Each of you will be responsible to create a data driven question, find the data to answer this question, and build a visual analysis that answers your question with data. A few notes on this project;
This project is done over a semester. If you try to complete it during the last few weeks of the semester you will not succeed.
The data science majors will submit this as a part of their degree completion. This project could be a great stepping stone for your senior project.
I would highly recommend that you do this project well and make it public on your Github repository to demonstrate to employers that you have data programming skills.

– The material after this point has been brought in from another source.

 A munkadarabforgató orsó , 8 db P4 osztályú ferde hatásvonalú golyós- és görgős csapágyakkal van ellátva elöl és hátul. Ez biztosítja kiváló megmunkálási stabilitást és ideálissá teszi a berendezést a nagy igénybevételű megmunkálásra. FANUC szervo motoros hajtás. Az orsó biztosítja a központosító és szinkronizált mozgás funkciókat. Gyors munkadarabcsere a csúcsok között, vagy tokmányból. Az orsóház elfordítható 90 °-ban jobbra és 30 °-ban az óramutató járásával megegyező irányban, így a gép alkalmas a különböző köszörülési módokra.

# Wrangling for the 1st dataset
exams <- read_csv("180_exams.csv")
exams <- exams %>%
mutate(HS = `HS GPA`) %>%
mutate(ACT = `ACT conversion`) %>%
select(- `ACT conversion`, - `HS GPA`) %>%
mutate(Exam1 = `Exam 1`) %>%
mutate(Exam2 = `Exam 2`) %>%
mutate(Exam3 = `Exam 3`) %>%
mutate(Exam4 = `Exam 4`) %>%
mutate(Exam5 = `Exam 5`) %>%
select(- `Exam 5`, - `Exam 4`, - `Exam 3`, - `Exam 2`, -`Exam 1`) %>%
mutate(Average = (Exam1 + Exam2 + Exam3 + Exam4 + Exam5 + Final)/6) %>%
mutate(HSACT = ((ACT/9) + HS)/2) %>%
select(- ACT, - HS) %>%
filter(!Gender %in% c("#N/A", "0")) %>%
filter(!Class %in% c("#N/A", "0", "Non-Matriculating","NonMatriculating")) %>%
mutate(Semester = factor(Semester, c("Winter", "Spring", "Fall")))

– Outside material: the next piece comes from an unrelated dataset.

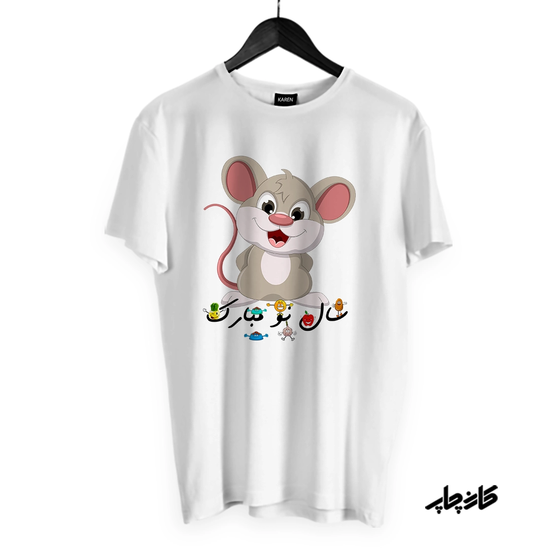 تیشرت با طرح دلخواه سال نو مبارک موش 1399 موجود در فروشگاه کارن چاپ از جنس نخ پنبه و پلی استر بوده که ۷۰% آن پنبه و ۳۰% آن پلی استر می باشد .

exams$Exam1[is.na(exams$Exam1)] <- 0 # Replace NAs with 0
exams$Exam2[is.na(exams$Exam2)] <- 0
exams$Exam3[is.na(exams$Exam3)] <- 0
exams$Exam4[is.na(exams$Exam4)] <- 0
exams$Exam5[is.na(exams$Exam5)] <- 0
exams$Final[is.na(exams$Final)] <- 0
exams <- exams %>% drop_na()
write.csv(exams,'exams_180.csv')
stax_fun <- function(dat){
df <- dat %>%
mutate(courseavg = `Course Average*`) %>%
mutate(readingscore = `Reading Score`) %>%
mutate(reading = `Reading Progress`) %>%
select(- `Course Average*`, - `Reading Score`, - `Reading Progress`) %>%
filter(!Gender %in% c("#N/A", "0")) %>%
filter(!Class %in% c("#N/A", "0", "Non-Matriculating","NonMatriculating")) %>%
mutate(Semester = factor(Semester, c("Winter", "Spring", "Fall")))
df
}
staxF18 <- stax_fun(read_csv("Stax_F18.csv"))
staxW19 <- stax_fun(read_csv("Stax_W19.csv"))
stax <- left_join(exams, staxF18) # Join the different data sets
stax <- left_join(exams, staxW19)
stax$courseavg[is.na(stax$courseavg)] <- 0 # Replace NAs with 0
stax$readingscore[is.na(stax$readingscore)] <- 0
stax$reading[is.na(stax$reading)] <- 0
stax <- stax %>%
mutate(yrsem = paste(Year, Semester, sep = "_")) %>%
filter(yrsem %in% c("2019_Winter", "2018_Fall")) %>%
drop_na() %>%
select(Year, Semester, Instructor, Gender, Class, Average, courseavg)
write.csv(stax,'stax_180.csv')
exams %>% select(Year, Semester, Class, Gender) %>%
ggplot(aes(x = Gender, fill = Class)) +
geom_bar() +
facet_grid(~ Semester) +
scale_fill_discrete(labels = c("Freshman", "Sophomore", "Junior", "Senior")) +
labs(y = "Count") +
theme_bw()
exams %>% select(Year, Semester, Class, Gender) %>%
ggplot(aes(x = Gender, fill = Class)) +
geom_bar() +
facet_grid(Class ~ Semester) +
scale_fill_discrete(labels = c("Freshman", "Sophomore", "Junior", "Senior")) +
labs(y = "Count") +
theme_bw()
test <- exams %>% select(Year, Semester, Average, HSACT, Class, Final)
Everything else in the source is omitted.